Estas situaciones alejan a las PID de los servicios de salud y de los curadores profesionales, como refiere Menéndez (2018), ya que estos son espacios en donde se reproducen discursos que patologizan a las personas consumidoras de sustancias (Ospina-Escobar, 2020). En ese sentido, cobra mayor importancia identificar las prácticas de autoatención y proponer, a partir de la experiencia, programas que promuevan la salud considerando estos condicionantes materiales y subjetivos para posibilitar el acercamiento entre las PID y los servicios de salud para la reducción de daños.

Además de lo anterior, el desplazamiento y la inseguridad posiciona a las mujeres usuarias de drogas en desventaja respecto a sus pares masculinos, como María refiere:

Hay gente que agarra casas abandonadas y se mete ahí, pero a mí se me hace más peligroso porque puede llegar otra gente ahí, y estás dormido, te roban o te hacen algo, ¿sí me entiendes?, y uno pues a veces está sola o algo, necesitarías acoplarte con alguien (María, 40 años, comunicación personal, 5 de marzo de 2023).

El acoplarse con alguien, como narra María, se analiza como una estrategia de autocuidado y seguridad, que generalmente se refiere a entablar una relación de pareja; si bien esto puede protegerlas de la violencia en el espacio público, también las expone a otros tipos de agresiones al interior de la pareja, como se ha reportado en otras investigaciones (Folch et al., 2021; Ospina-Escobar, 2020).

En estos trabajos también se ha documentado que el inicio en el consumo de drogas inyectables entre las mujeres se da por la influencia de la pareja sentimental, lo que también las expone a riesgos y dificultades para cuidar su salud. En este aspecto, la literatura refiere que las mujeres son más propensas a ser inyectadas por otra persona, sobre todo en la etapa de iniciación, como se mencionó anteriormente (IAS, 2019; Roberts et al., 2010). En esta investigación también se documentaron las estrategias que las mujeres han tenido que poner en práctica para ser inyectadas, sobre todo al inicio, como lo expresa Marcela:

Tenía que pagar para que me curaran, ¿sabes cómo? Y era así, cada rato que me tenía que curar, tenía que pagar para que me agarraran, porque no sabía agarrarme […] tenía que irme a los yongos,6 ahí donde viven ellos o llevarlos allá donde estaba yo (Marcela, 28 años, comunicación personal, 7 de marzo de 2023).
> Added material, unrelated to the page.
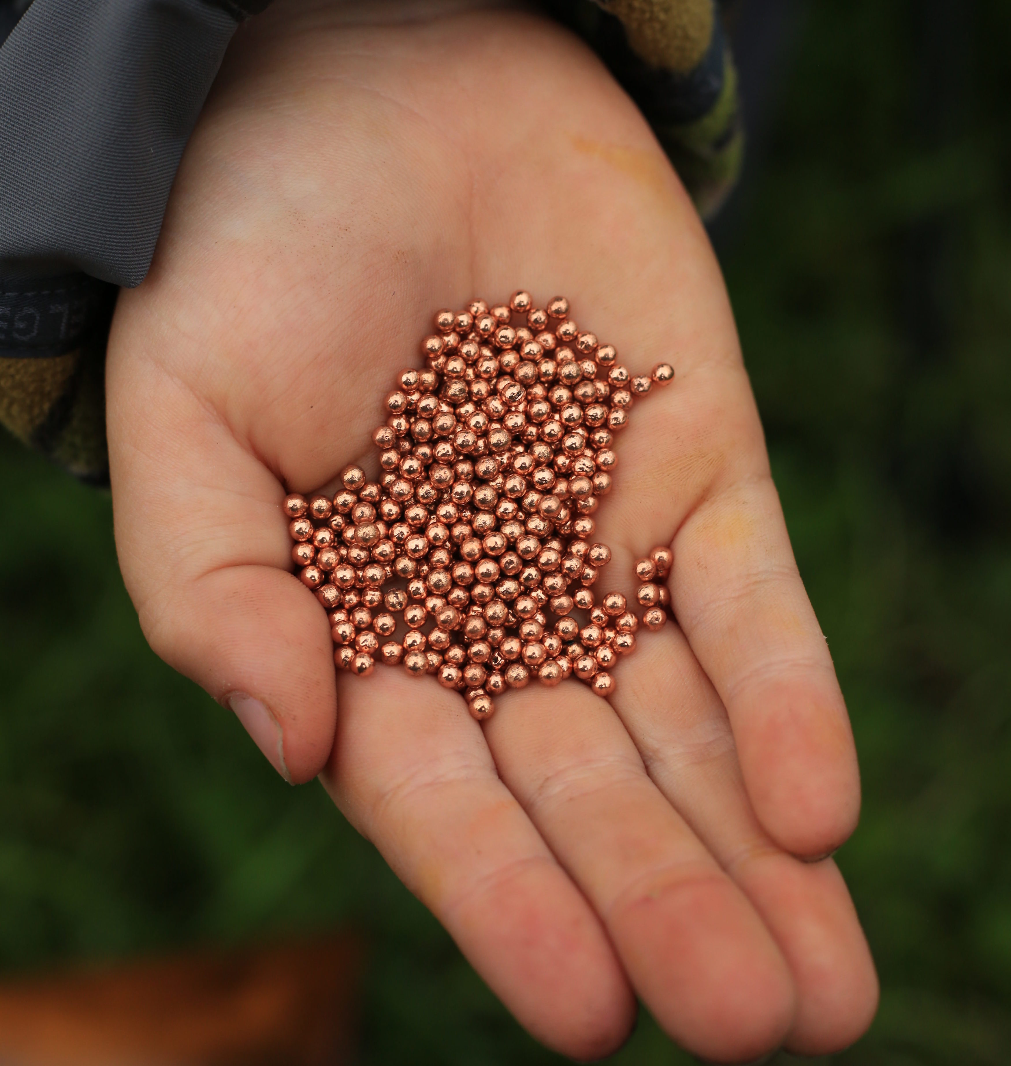 Neben günstigen Weicheisenlaborierung können selbstverständlich auch Kupferschrote verschossen werden. Die Wirkung ist mit der von Blei vergleichbar, wenngleich Kupfer nicht so ein hohes spezifisches Gewicht besitzt wie das Schwermetall. Wie bei Weicheisen-, sollte auch bei Kupferlaborierungen ein bis zwei Nummern gröberes Schrot verwendet werden. Mit Kupferschroten lassen sich auch hervorragend Gänse bejagen.

Al reproducirse en el imaginario social la idea de que inyectarse es una práctica masculinizada, las mujeres tienden a ser las últimas en utilizar una jeringa, quedando así expuestas a la transmisión del VIH o de hepatitis C.; a esto se suman las dificultades que tienen para que sus parejas sexuales utilicen condón, lo que las deja también expuestas a contagios de otras ITS (Kensy et al., 2012).

Así, el contexto en el cual las usuarias cuidan de su salud se caracteriza por la estigmatización, la discriminación y diversas manifestaciones de violencia de género, condiciones que acentúan la vulnerabilidad a la que están expuestas y las obliga a desarrollar prácticas de autoatención, de acuerdo con los medios y los saberes a los que tienen acceso, como se analiza en el siguiente apartado.
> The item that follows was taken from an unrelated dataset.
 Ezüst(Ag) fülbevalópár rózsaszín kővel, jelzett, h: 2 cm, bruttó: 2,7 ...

La autoatención entre usuarias de sustancias inyectables

Las prácticas que articulan diversas formas de atención son impulsadas por las personas y por los grupos sociales a los que pertenecen (Menéndez, 2003). En este sentido, si bien las mujeres entrevistadas sobreviven en un contexto de exclusión en cuanto a servicios de salud, a través de intervenciones de reducción de daños logran acceder a programas para el intercambio de jeringas, detección y prevención de ITS, hepatitis C y VIH, al uso de salas de consumo seguro y a programas de prevención de sobredosis. Estas intervenciones contribuyen en las formas de atender sus padecimientos al incorporar en sus prácticas de autoatención saberes legos y profesionales. Según lo expresado por las entrevistadas, uno de los padecimientos más comunes son los cuerazos, que son tratados combinando penicilina cuando tienen posibilidad de adquirirla, pero en caso contrario, untan sábila en la zona infectada. Este saber se ha transmitido por generaciones entre las mujeres, así lo expresa una de las entrevistadas:

He batallado porque a veces no tengo las cosas necesarias […] y al estilo antigüito, así como mi abuelita, sábila con hierba del manso… me he curado varios cuerazos, me los abro yo sola, me los empiezo a picar para que salga la pus, ya se seca (María, 40 años, comunicación personal, 5 de marzo de 2023).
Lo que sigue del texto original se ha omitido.